• **Stored entries**
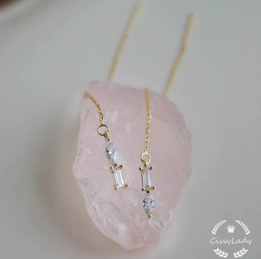 Sv925 シンプル スーキマと長方形CZダイヤ チェーンピアス アメリカンピアス silver925
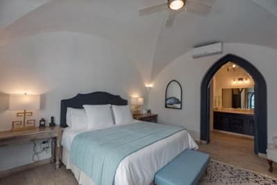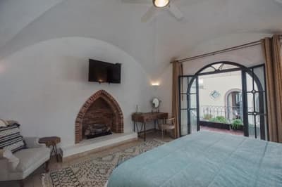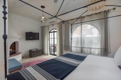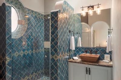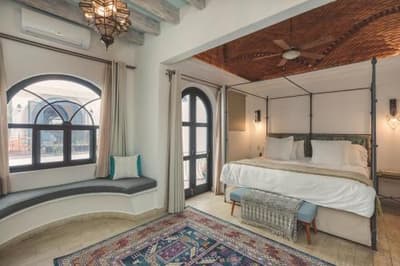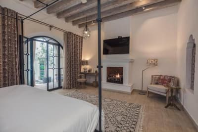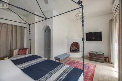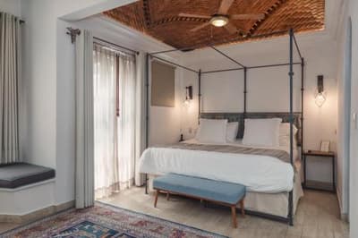 Bleu ! C'est la couleur matrice de ce boutique-hôtel et maison d'hôtes. La porte d'entrée tout en bois, superbement décorée est d'un bleu qui claque, entre le turquoise et le bleu électrique. Un patio s'ouvre alors devant vous, avec la fontaine traditionnelle et les pots de fleurs qui s'étagent sur les murs, comme si vous étiez en Andalousie. Une large porte-fenêtre à miroirs donne une belle profondeur. Le fer forgé domine aux balcons ainsi que sur la rambarde de l'escalier qui grimpe jusqu'au deuxième étage, sur les toits. A l'intérieur, les bleus marine et canard s'invitent sur les murs et sur les sofas capitonnés. Des consoles et tables en laiton campent sur des tapis à motifs géométriques, formidablement colorés. Ces plafonds en briques ou voûtés sont juste incroyables ! Ces poutres patinées apportent un cachet fou. Les commodes et coiffeuses XIXème cohabitent harmonieusement avec les fauteuils design. Arcs en plein cintre, arcs brisés, occuli et mousharabieh rythment les différentes ouvertures de la maison. Depuis la Roof Garden Suite, vous vous délecterez de ce soleil couchant enflammant les flèches roses de La Parroquia. Une casa et une ville fascinante que votre hôte saura vous faire aimer...
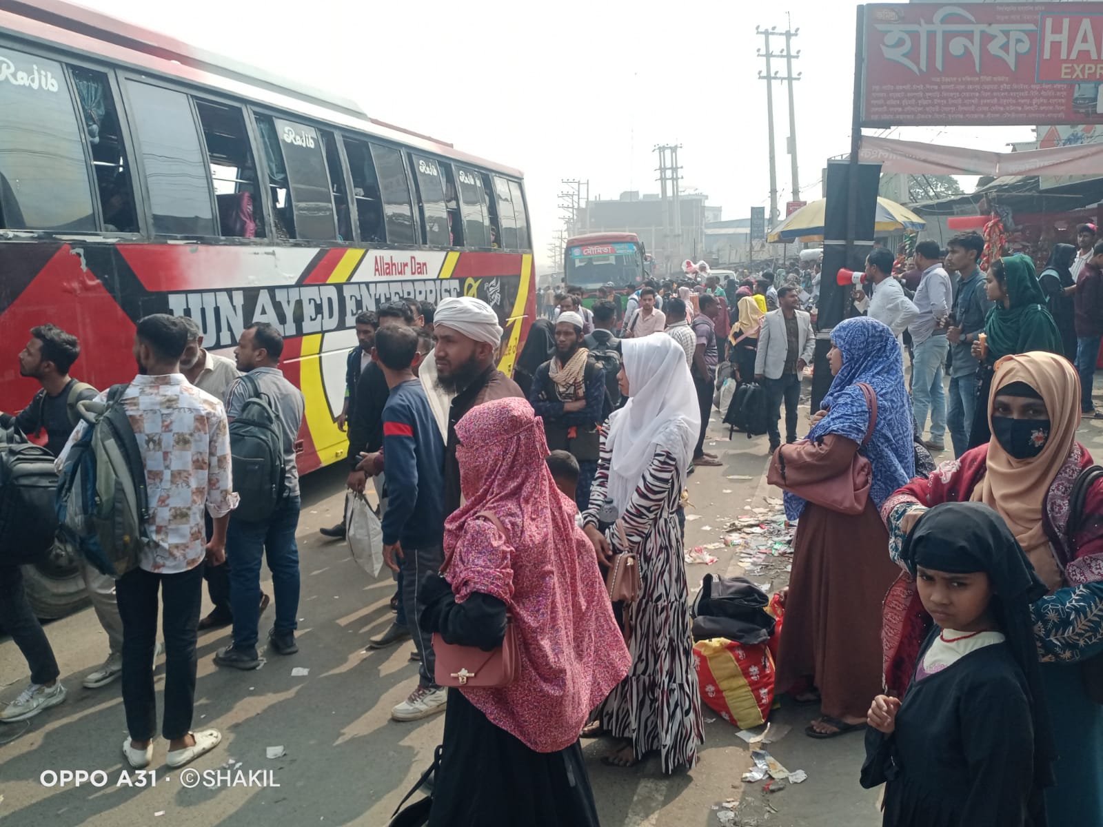 হাসান, যাত্রী জানান, ঢাকা থেকে চন্দ্রা যেতে যেখানে সাধারণত বাসভাড়া ১৫০ থেকে ২৫০ টাকা, সেখানে ৪৫০ থেকে ৫০০ টাকা পর্যন্ত আদায় করা হচ্ছে। বাস না পেয়ে অনেক যাত্রী বাধ্য হয়ে ট্রাকেও উঠছেন। ট্রাকে জনপ্রতি নেওয়া হচ্ছে ২০০ থেকে ৩০০ টাকা।
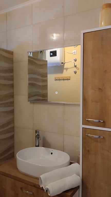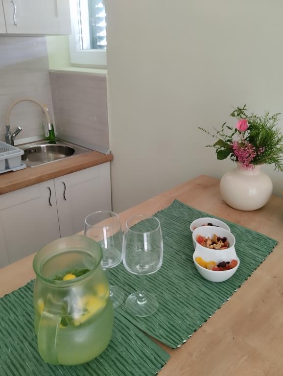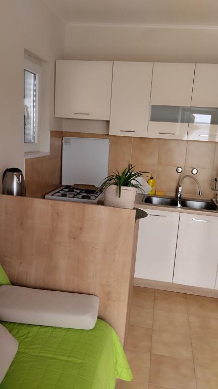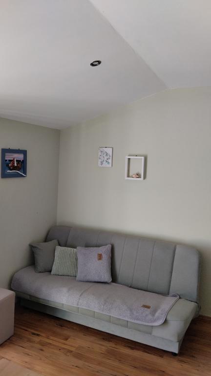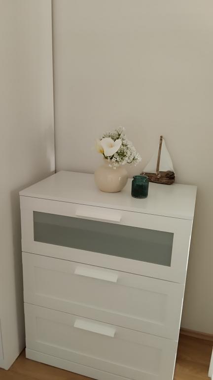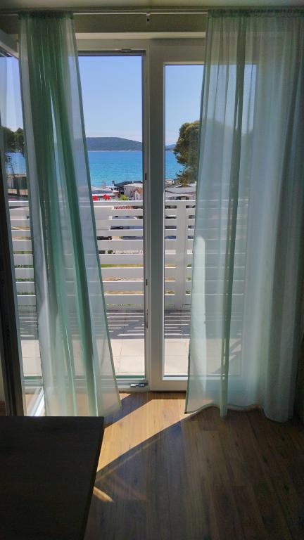 Zwei Wohnungen im zweiten Stock eines Einfamilienhauses direkt am Blue Beach. Die Zweizimmerwohnung wurde kürzlich renoviert und die Einzimmerwohnung erst letztes Jahr eingerichtet. Der Strand ist etwa 70 Meter vom Haus entfernt und das Stadtzentrum erreichen Sie nach 600 m. Am Strand gibt es zahlreiche gastronomische Einrichtungen und Angebote für Kinder sowie einen speziell eingerichteten Strand für Kinder. Der Strand vor dem Haus ist sandig, etwas weiter, etwa 20 Meter, ist er kieselig. Betreten der Wohnung. nach 12 Uhr möglich, Abreise bis 10 Uhr.
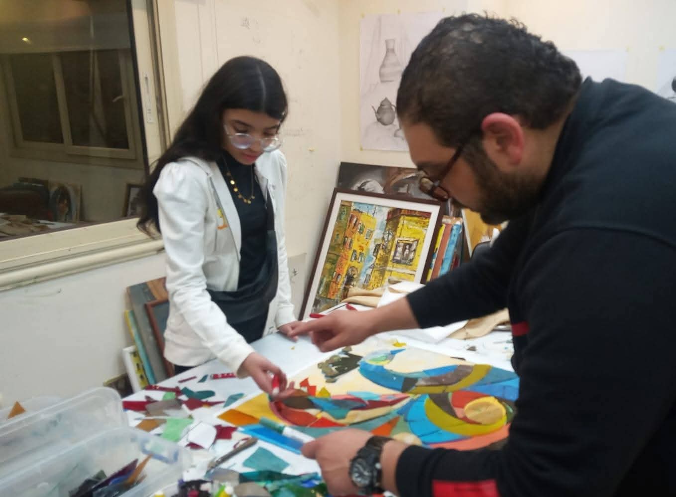 كما واصلت الفنانة سمت سامي تدريب المشاركين على تقطيع أجزاء الزجاج.
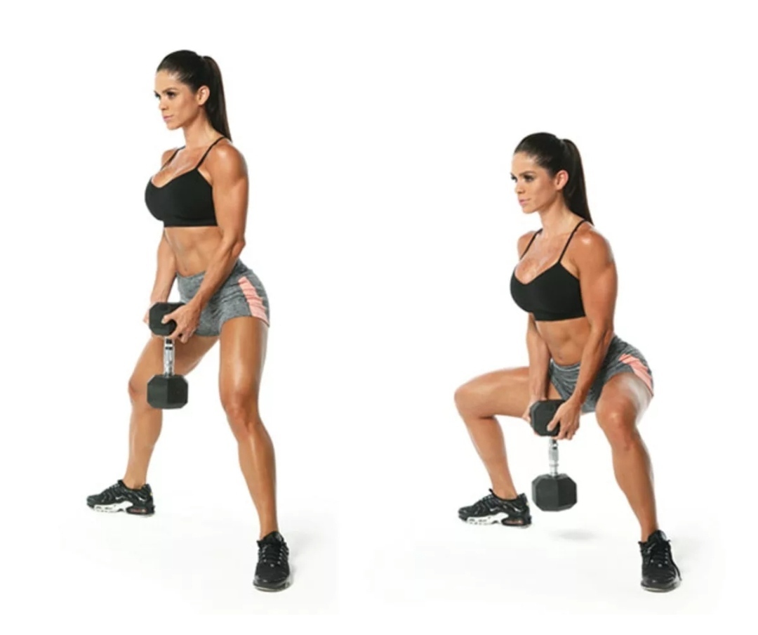 Эти приседания можно выполнять как со штангой или гантелью, так и без них.
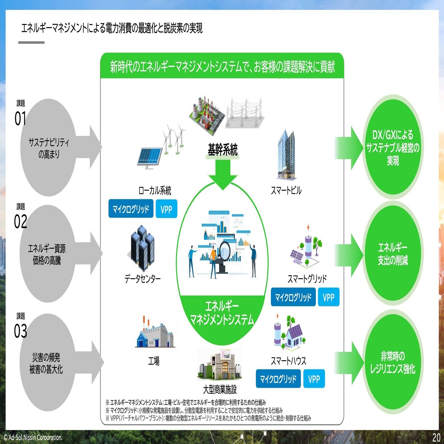 例えば、VPP(バーチャルパワープラント)です。あたかも一つの発電所のように、分散した発電設備を結びつけ、小さな発電所をいくつも作り電力を供給する仕組みです。また、マイクログリッドは、分散した発電所をいかに効率よく送配電していくか、電力を組み合わせていくかという新しい電力の仕組みです。

• **Aim of the task**
Each line in the records above should be reproduced exactly; images are not copied.

• **Solved exercise**
 Sv925 シンプル スーキマと長方形CZダイヤ チェーンピアス アメリカンピアス silver925
 Bleu ! C'est la couleur matrice de ce boutique-hôtel et maison d'hôtes. La porte d'entrée tout en bois, superbement décorée est d'un bleu qui claque, entre le turquoise et le bleu électrique. Un patio s'ouvre alors devant vous, avec la fontaine traditionnelle et les pots de fleurs qui s'étagent sur les murs, comme si vous étiez en Andalousie. Une large porte-fenêtre à miroirs donne une belle profondeur. Le fer forgé domine aux balcons ainsi que sur la rambarde de l'escalier qui grimpe jusqu'au deuxième étage, sur les toits. A l'intérieur, les bleus marine et canard s'invitent sur les murs et sur les sofas capitonnés. Des consoles et tables en laiton campent sur des tapis à motifs géométriques, formidablement colorés. Ces plafonds en briques ou voûtés sont juste incroyables ! Ces poutres patinées apportent un cachet fou. Les commodes et coiffeuses XIXème cohabitent harmonieusement avec les fauteuils design. Arcs en plein cintre, arcs brisés, occuli et mousharabieh rythment les différentes ouvertures de la maison. Depuis la Roof Garden Suite, vous vous délecterez de ce soleil couchant enflammant les flèches roses de La Parroquia. Une casa et une ville fascinante que votre hôte saura vous faire aimer...
 হাসান, যাত্রী জানান, ঢাকা থেকে চন্দ্রা যেতে যেখানে সাধারণত বাসভাড়া ১৫০ থেকে ২৫০ টাকা, সেখানে ৪৫০ থেকে ৫০০ টাকা পর্যন্ত আদায় করা হচ্ছে। বাস না পেয়ে অনেক যাত্রী বাধ্য হয়ে ট্রাকেও উঠছেন। ট্রাকে জনপ্রতি নেওয়া হচ্ছে ২০০ থেকে ৩০০ টাকা।
 Zwei Wohnungen im zweiten Stock eines Einfamilienhauses direkt am Blue Beach. Die Zweizimmerwohnung wurde kürzlich renoviert und die Einzimmerwohnung erst letztes Jahr eingerichtet. Der Strand ist etwa 70 Meter vom Haus entfernt und das Stadtzentrum erreichen Sie nach 600 m. Am Strand gibt es zahlreiche gastronomische Einrichtungen und Angebote für Kinder sowie einen speziell eingerichteten Strand für Kinder. Der Strand vor dem Haus ist sandig, etwas weiter, etwa 20 Meter, ist er kieselig. Betreten der Wohnung. nach 12 Uhr möglich, Abreise bis 10 Uhr.
 كما واصلت الفنانة سمت سامي تدريب المشاركين على تقطيع أجزاء الزجاج.
 Эти приседания можно выполнять как со штангой или гантелью, так и без них.
 例えば、VPP(バーチャルパワープラント)です。あたかも一つの発電所のように、分散した発電設備を結びつけ、小さな発電所をいくつも作り電力を供給する仕組みです。また、マイクログリッドは、分散した発電所をいかに効率よく送配電していくか、電力を組み合わせていくかという新しい電力の仕組みです。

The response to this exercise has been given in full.